(Records from a data source)
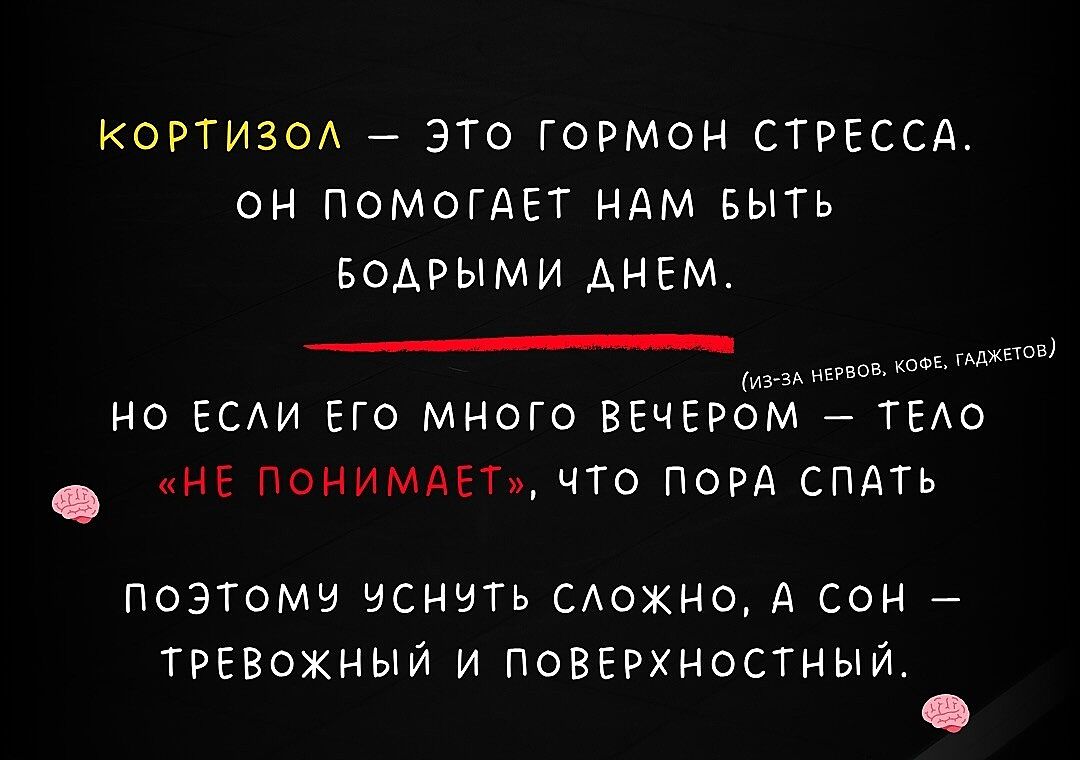 Бо тоді збивається ритм. Вночі прокидається і виробляється кортизол.
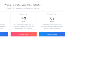 This is another example of a bootstrap card view with pricing cards, toggle buttons, and hover effects, designed using HTML, JavaScript, and CSS. JavaScript functions have been used to implement the toggle feature. Bootstrap fonts and styles are imported to the form with their URLs. The web form is given the styles of font-family as "Montserrat", sans-serif, background color of #8d97ad, and font-weight as 300. The h1 to h6 sections are given a color of #3e4555 and a font-weight of 500, whereas the background color of the form is set to #f4f8fa. The subtitle is given the styles of color as #8d97ad, line-height as 24px, and font-size as 14px. The title of the card is given a font-size of 18px and a line-height of 22px. The cards take a transform effect of scale (1.05) with a transition value of 0.1s, in a hover event. Three choose plan buttons are given the color #2cdd9b and also the linear gradient color of that, for the browsers that support linear gradient colors. In a hover event, the color of the button switch between #2cdd9b and #1dc8cc. The other button is given a gradient color based #ff4d7e, which switches between #ff4d7e and #ff6a5b, in a hover event.
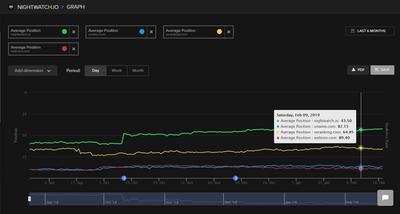 Make sure you research all the keywords that you and your competitors are ranking for to get a more precise idea of who is leading on the market. You can discover keywords and competitors in Nightwatch or do manual keyword research with Google Keyword Planner.
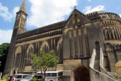 Stojí na mieste kde svojho času sídlilo trhovisko s otrokmi. Základný kameň katedrály bol položený v roku 1873, a teda v rovnakom roku, ako bol oficiálne zakázané obchodovanie s otrokmi. Na mieste, kde bol postavený stĺp, ku ktorému boli otroci pripútavaní a bičovaní stojí teraz symbolicky oltár. Otrokárstvo pripomínajú aj neďaleké malé cely, ktoré sú vybavené iba malým otvorom. V každej z nich muselo vydržať naraz až 75 otrokov, to znamená, že nemohli ani stáť vzpriamene. Cely sú dnes súčasťou St. Monica´s Guest House. Pred katedrálou stojí tiež pamätník otrokárstva znázorňujúci niekoľko osôb spojených reťazou.
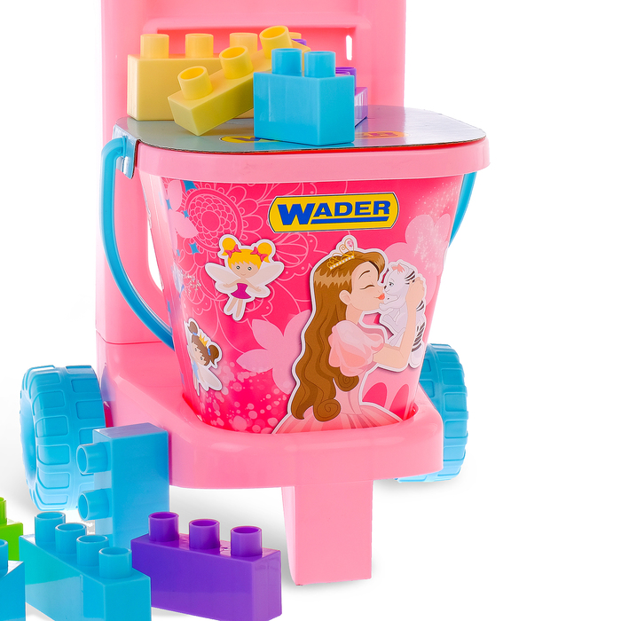 Розовая тележка с красивым ведёрком и красочным конструктором понравится любой девочке! Верхняя полочка тележки регулируется по высоте и имеет высокие бортики, поэтому во время движения груз не выпадает из неё.
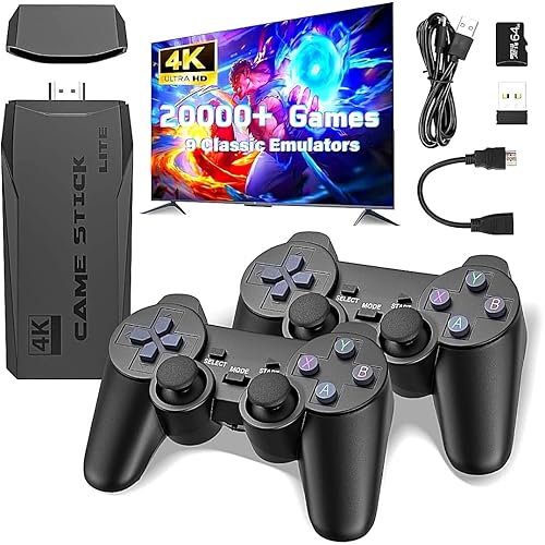RUG Wireless Console Retro Video Game for TV- 4K Ultra HD |Video Game | Gaming Console| Retro Game Stick |Built-in 21000 +TV Game with Games & 64Gb,Retro Game Console, Plug & Play Video TV Game 4K Ultra Games| 9 Emulators|Dual-Player Setup|2.4G Wireless Game Stick for all age Group easy to use roller BLACK.
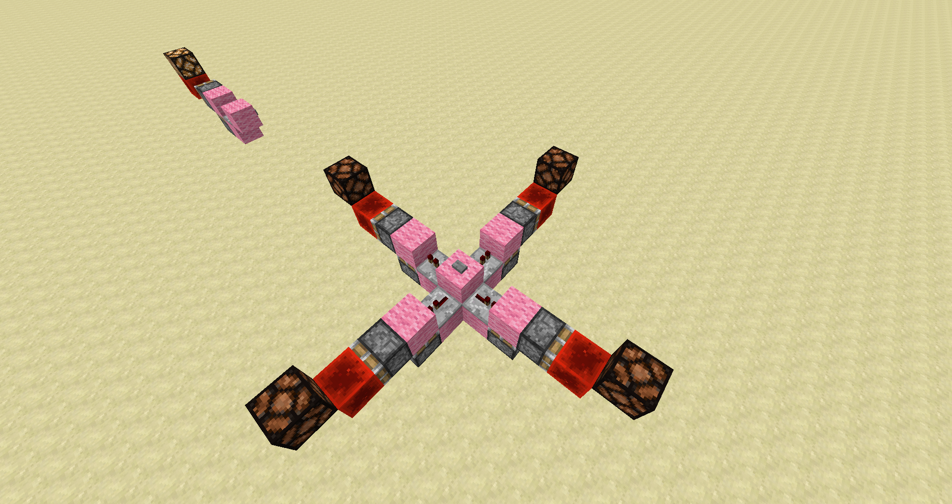 Upon making a circuit found on the third screenshot, I found that Sticky Pistons move differently when facing different directions. As can be seen, the circuit is a combination of four T-flip-flop circuits (on the first and second screenshot) and should make each Piston move simultaneously. However, as seen on the fourth screenshot, pressing the button in the middle didn’t make the Pistons facing North and South work. The Redstone circuits are identical, so it’s probably not a problem about the way I combined them.
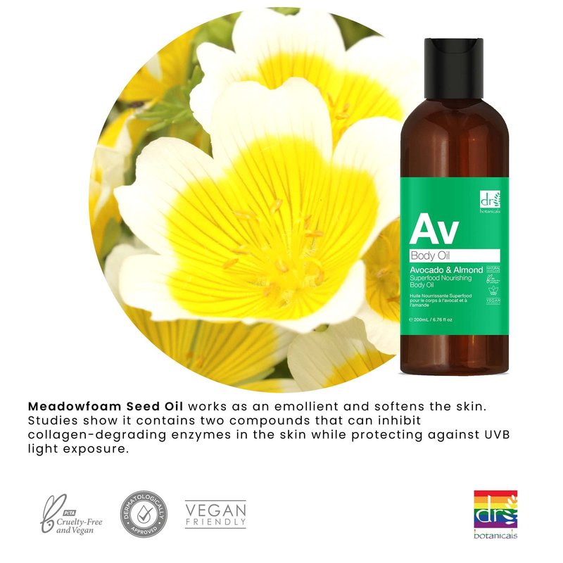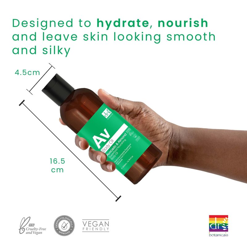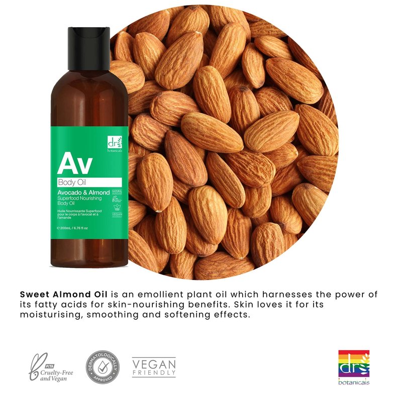 - Here we have the Dr Botanicals Apothecary Collection Avocado & Almond Superfood Nourishing Body Oil which is 200ml size and is a light oil enriched with natural vitamins and real fruit goodness which works to hydrate, nourish and leave skin looking smooth and silky.
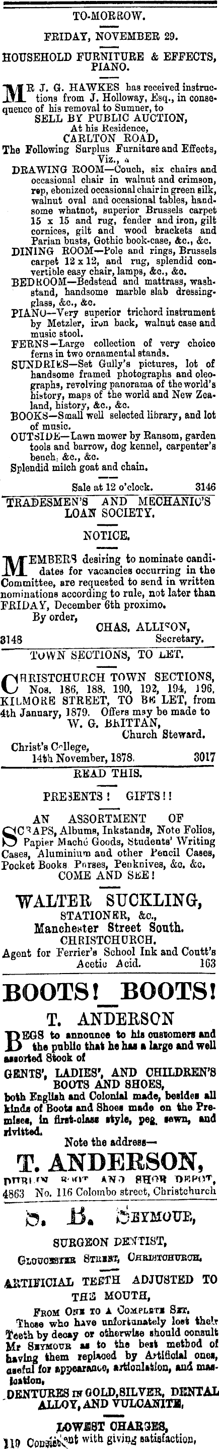 TO-MORROW. FRIDAY, NOVEMBER 29. HOUSEHOLD FURNITURE & EFFECTS, PIANO. ME J. G. HAWKES has received instructions from J. Holloway, Esq., in consequence of his removal to Sumner, to SELL BY PUBLIC AUCTION, At his Residence, CARLTON ROAD, The Following Surplus Furnitare and Effects, Viz. a DRAWING ROOM—Couch, six chairs and occasional chair in walnut and crimson, rap, ehonized occasional chair in green Bilk, walnut oval and occasional tables, handsome whatnot, superior Brussels carpet 15 x 15 and rug, fender and iron, gilt cornices, gilt and wood brackets and Parian busts, Gothic book-case, &c, &c. DINING ROOM—Pole and rings, Brussels carpet 12 x 12, and rug, splendid convertible easy chair, lamps, &c, &o. BED ROOM—Bedstead and mattrass, washstand, handsome marble slab dressingglass, &C, &C PIANO —Very superior trichord instrument by Metzler, iron back, walnut case and music stool. FERNS—Largo collection of very choice ferns in two ornamental stands. SUNDRIES—Set Gully's pictures, lot of handsome framed photographs and oleographs, revolving panorama of the world's history, maps of the world and New Zealand, history, &c, &c. BOOKS—Small well selected library, and lot of music. OUTSIDE—Lawn mower by Ransom, garden tools and barrow, dog kennel, carpenter's bench : &c, &c. Splendid milch goat and chain. Sale at 12 o'clock. 3146 TRADESMEN'S AND MECHANICS LOAN SOCIETY. NOTICE. 1/TEMBERS desiring to nominate candi[Vl dates for vacancies occurring in the Committee, are requested to send in written nominations according to rule, not later than FRIDAY, December 6th proximo. By order, CHAS. ALLFON, 3148 Secretary. TOWN SECTIONS, TO LET. TOWN SECTIONS, J Nos. 186, 188. 190, 192, 194, J 96, KILMORE STREET, TO BK LET, from 4th January, 1879. Offers may be made to W. G. BRITTAN, Church Steward. Christ's College, 14th November, 1878. 3017 READ THIS. PRESENTS ! GIFTS !! AN ASSORTMENT OF Albums, Inkstands, Note Folios, KJ Papier Machu Goods, Students' Writing Cases, Aluminium and other Pencil Cases, Pocket Books Piirses, Penknives, &c. &c. COME AND SEE! WALTEU "SUCKLING, STATIONER, &0., Manchester Street South. CHRISTCHDRCH. Agent for Ferrier's School Ink and Coutt's Acetic Acid. IC3 BOOTS! BOOTS! T. ANDERSON iEGS to announce to hla onsnomera and __ > the publlo that he haa a large and well assorted Stock of GENTS', LADIES', AND CHILDREN'S BOOTS AND SHOES, both English and Colonial made, besides all kinds of Boots and Shoes made on the Premises, In firat-olara style, peg. sewn, and livitted. Note the address— T. ANDERSON, piTRI 'V a »or UNO fiH<'>l DWPOT, 4863 No. 11.6 Colombo street, Christchurch k7 t jJ* fc'BYMOUK* SURGEON DENTIST, Glooosbtkb Skbjub, Chkihtohukoh, ARTIFICIAL TEOT ADJUSTED TO TH3 MOUTH, FaOM OWS TO i. OOMPLBT* S*T. "those who have unfortunately lost their 'JtV.eth by decay or otherwise should oonsult Mr Sstmoub aa to the best method of having them replaced by Artificial ones, asefo?for appearance, arttonhiloa, and masloatfoo, DENTURES ih GOLD, SILVER, DENTAL ALLOY, AND VULCANITE, LOWISTOHAB3BB, U 9 CoDfliato?** with & iym & Bati ß fact to»-
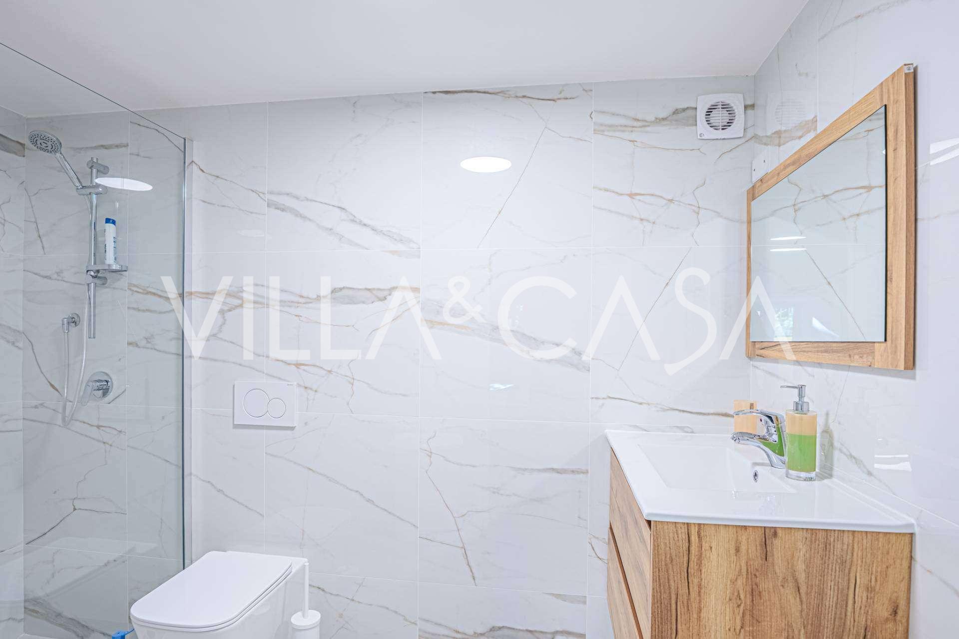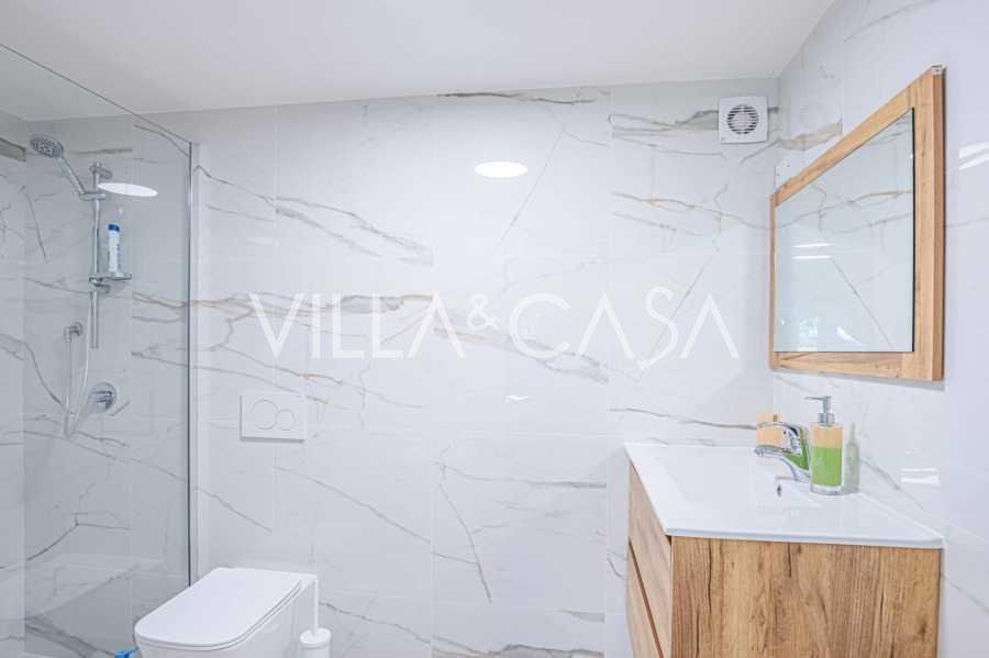 Al livello principale, gli ospiti vengono accolti da un luminoso e spazioso ingresso con vista sul mare. L'elegante soggiorno, inondato di luce naturale, ha accesso al giardino e alla terrazza, ideale per il relax e per ricevere ospiti. La cucina separata è realizzata in stile moderno e completamente attrezzata. A questo livello si trovano anche un elegante bagno e un incantevole portico, perfetto per pranzi all'aperto con vista sul mare.
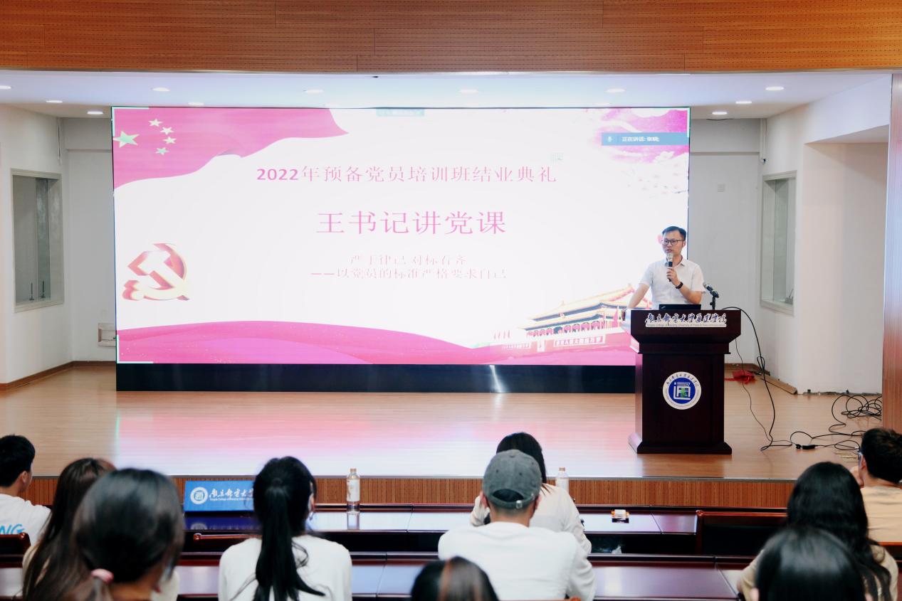 王书记对顺利结业的全体学员表示祝贺,对培训班老师的辛勤付出表示感谢。随后他以《严于律己 对标看齐——以党员的标准严格要求自己》为题作专题党课。王书记对党校学员提出了三点希望:一是志存高远、树立远大的共产主义信念,鼓励青年党员找准自身价值,主动将个人的理想追求融入到党和国家的事业之中;二是养成勤学善思、终身学习的良好习惯,做到真学、真懂、真信、真用;三是笃行实干、在实践中争做先锋,严格要求自己,在坚定政治立场和提高素质能力上争做先锋,发挥党员的先锋模范作用。最后告诫即将毕业的党员们在未来的日子里要始终不忘入党初心,并号召青年党员要把握时机,艰苦奋斗,自觉担当起时代的责任。

# WHAT YOU ARE ASKED TO DO:
No pictures should appear; only the lines from the first line of the records through the line with "This is another", both included, are to be restated word for word.

# FINISHED EXERCISE:
 Бо тоді збивається ритм. Вночі прокидається і виробляється кортизол.
 This is another example of a bootstrap card view with pricing cards, toggle buttons, and hover effects, designed using HTML, JavaScript, and CSS. JavaScript functions have been used to implement the toggle feature. Bootstrap fonts and styles are imported to the form with their URLs. The web form is given the styles of font-family as "Montserrat", sans-serif, background color of #8d97ad, and font-weight as 300. The h1 to h6 sections are given a color of #3e4555 and a font-weight of 500, whereas the background color of the form is set to #f4f8fa. The subtitle is given the styles of color as #8d97ad, line-height as 24px, and font-size as 14px. The title of the card is given a font-size of 18px and a line-height of 22px. The cards take a transform effect of scale (1.05) with a transition value of 0.1s, in a hover event. Three choose plan buttons are given the color #2cdd9b and also the linear gradient color of that, for the browsers that support linear gradient colors. In a hover event, the color of the button switch between #2cdd9b and #1dc8cc. The other button is given a gradient color based #ff4d7e, which switches between #ff4d7e and #ff6a5b, in a hover event.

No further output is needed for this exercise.